El drama y la tragedia de este pueblo es que sus políticos, incapaces de solucionar nuestros problemas, los propios de una sociedad en la que ordena la economía, se dedican a divagar en torno a viejas ideologías. Empecinados unos en la lucha de clases, en la idea de que la maldad de los poderosos nace de lo torcido de su naturaleza y no de la natural inclinación del hombre a ser presa del egoísmo y la tentación de explotar y esclavizar a los demás. Y que no se trata, por tanto, de domarlos o aniquilarlos. Ni tampoco, como piensan otros, de facilitarles esa deriva, sino de entender que hemos de cambiar y cooperar todos.
Pero, por otro lado, el descrédito en que viven los ha llevado a nutrirse de personas con escasa o nula capacidad de gestión. Meros demagogos, en su mayoría, que han hecho de la política su profesión y del endémico conflicto su permanente justificación.
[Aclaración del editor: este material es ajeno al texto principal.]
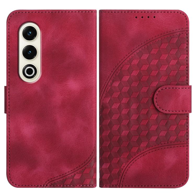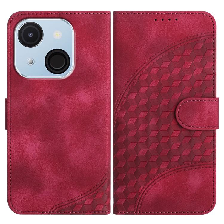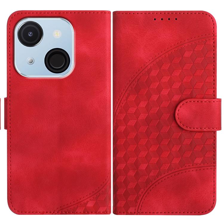 Funda de Cuero Itel S25 Ultra con Diseño Mariposa en Relieve y Cuadrícula con Cordón (Rojo)

Miles de hombres e instituciones que se dedican a hacer cada día más extenso el muestrario burocrático e institucional de este País de gobiernos y parlamentos. Legislar por legislar, ese es su oficio. Ahora exigen unos reescribir y otro reformar una constitución, en lo esencial, aún no aplicada. Véanse sus principios rectores. Se trata, solo eso, de seguir elucubrando y viviendo del erario, mientras enfrentan y dividen a la sociedad, arruinan las empresas públicas y dilapidan presupuestos que deberían ser destinados a necesidades más nobles y reales.